Files
pi-config/skills/markitdown/SKILL.md

3.8 KiB

name, description
name description
markitdown Convert various file formats to Markdown for use with LLMs and text analysis. Supports PDF, Word, Excel, PowerPoint, images, HTML, CSV, JSON, XML, ZIP, EPubs, and YouTube URLs.

MarkItDown

Convert files to Markdown for LLM consumption and text analysis. A lightweight Python utility by Microsoft.

Installation

Installed in a Python venv at /tmp/markitdown-env/ with a wrapper at ~/.local/bin/markitdown.

The wrapper handles LD_LIBRARY_PATH for numpy's C extensions on NixOS.

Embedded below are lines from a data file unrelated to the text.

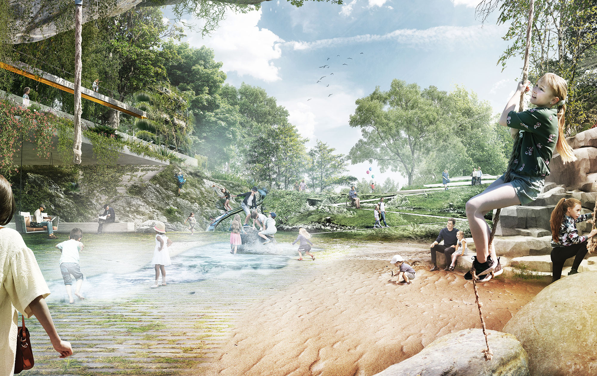 Welche Verbindungen zur neuen Mitte gibt es? Welche zum Rathaus/City-Center, welche Topografien/Sichtachsen kann ich heute schon wahrnehmen? Wie könnte sich der neue Park anfühlen? Wie könnte eine Verbindung von oben und unten auf der Potenzialfläche sein?
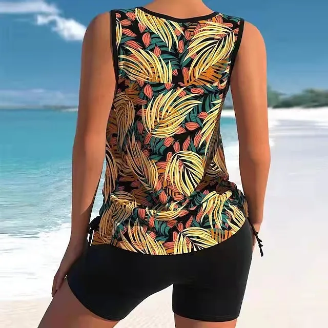• Women's Swimwear Tankini 2 Piece Plus Size Swimsuit Printing Floral Black White Yellow Pink Sky Blue Tank Top Bathing Suits Sports Summer
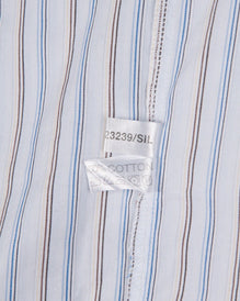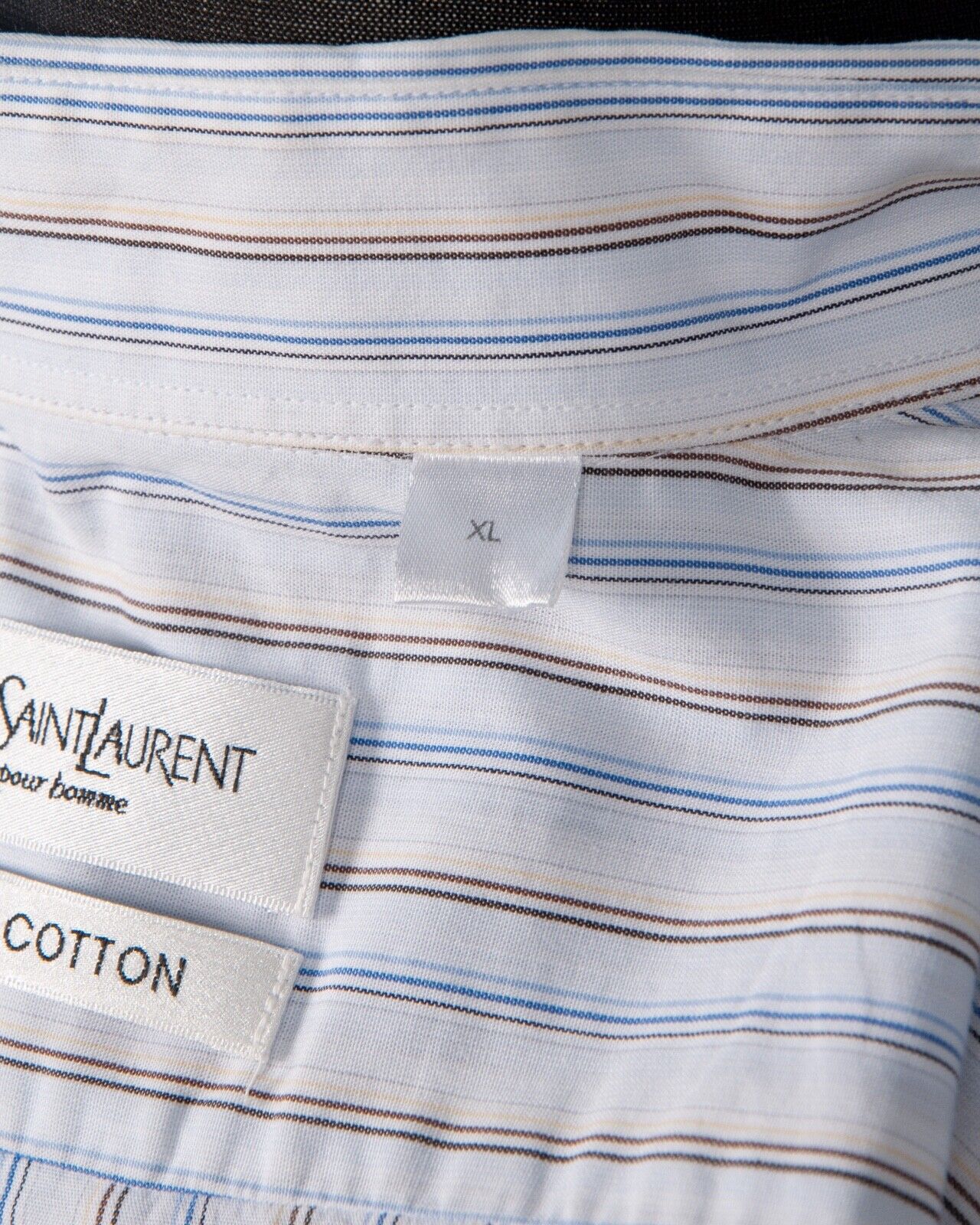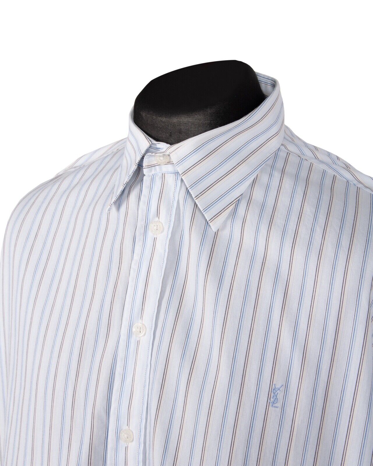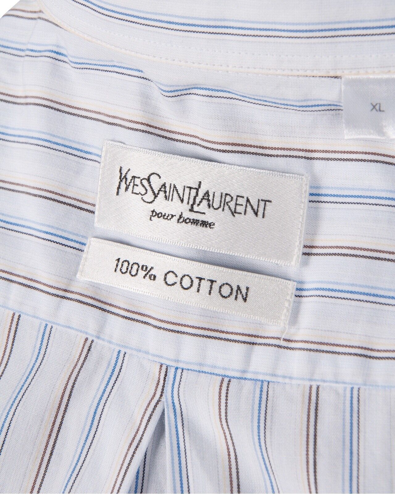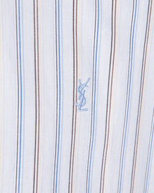 YVES SAINT LAURENT Shirt Navy Blue Striped Cotton Men's Short Sleeve Size XL
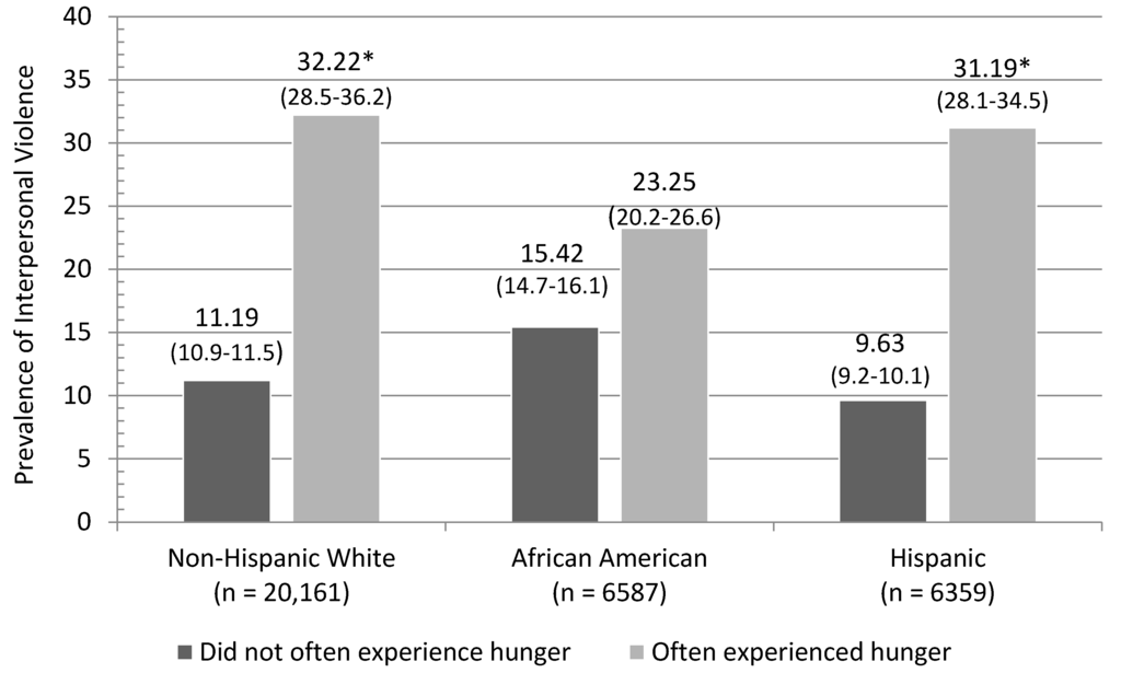 Survey adjusted prevalence estimates of interpersonal violence among individuals who often experienced hunger by race/ethnicity. Differences significant (p < 0.05) while controlling for sociodemographic, parental, and psychiatric confounds are indicated by the use of an asterisk (*) next to the higher prevalence estimate.
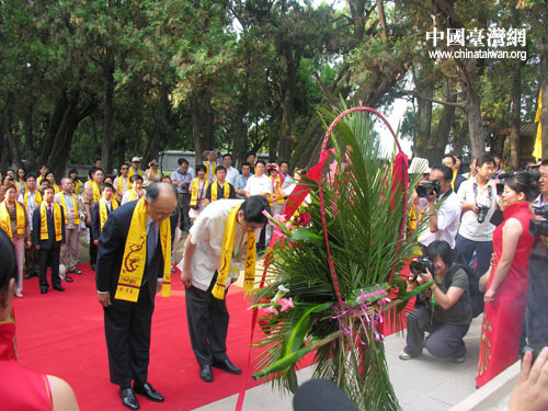 程建人與汪志剛代表兩岸文化界人士向黃帝陵敬獻(xiàn)花籃。(中國臺灣網(wǎng) 蕪?fù)?攝)

If the venv is missing (e.g., after rebuild), recreate:

nix-shell -p python3 python3.pkgs.pip python3.pkgs.virtualenv gcc stdenv.cc.cc.lib --run "
  python3 -m venv /tmp/markitdown-env
  source /tmp/markitdown-env/bin/activate
  pip install 'markitdown[pdf,docx,pptx,xlsx]'
"

Then recreate the wrapper at ~/.local/bin/markitdown.

Supported Formats

Format Extension Dependencies
PDF .pdf pdfminer-six, pdfplumber
Word .docx lxml, mammoth
PowerPoint .pptx python-pptx
Excel .xlsx, .xls openpyxl, pandas, xlrd
Images .jpg, .png, etc. EXIF metadata (core); LLM vision via llm_client/llm_model; OCR via markitdown-ocr plugin (installed)
HTML .html, .htm beautifulsoup4 (core)
CSV .csv (core)
JSON .json (core)
XML .xml (core)
ZIP .zip (core, iterates contents)
EPubs .epub (core)
YouTube URLs youtube-transcript-api (core)
Text .txt, .md, etc. (core)

CLI Usage

# Convert a file to Markdown (stdout)
markitdown path/to/file.pdf

# Write to file
markitdown path/to/file.pdf -o output.md

# Pipe content
cat file.pdf | markitdown

Python API

from markitdown import MarkItDown

md = MarkItDown()
result = md.convert("document.pdf")
print(result.text_content)

Integration with Pi

Use markitdown to convert files before reading them with the read tool:

# Convert then read
markitdown report.pdf -o /tmp/report.md && read /tmp/report.md

This is especially useful for:

  • PDFs that need structure preserved (headings, lists, tables)
  • Office documents (Word, Excel, PowerPoint)
  • Images with EXIF metadata
  • Any file format not directly readable by the read tool

Image Analysis (LLM Vision)

For images, markitdown can extract EXIF metadata (free, no API key) AND describe image content using an LLM vision model.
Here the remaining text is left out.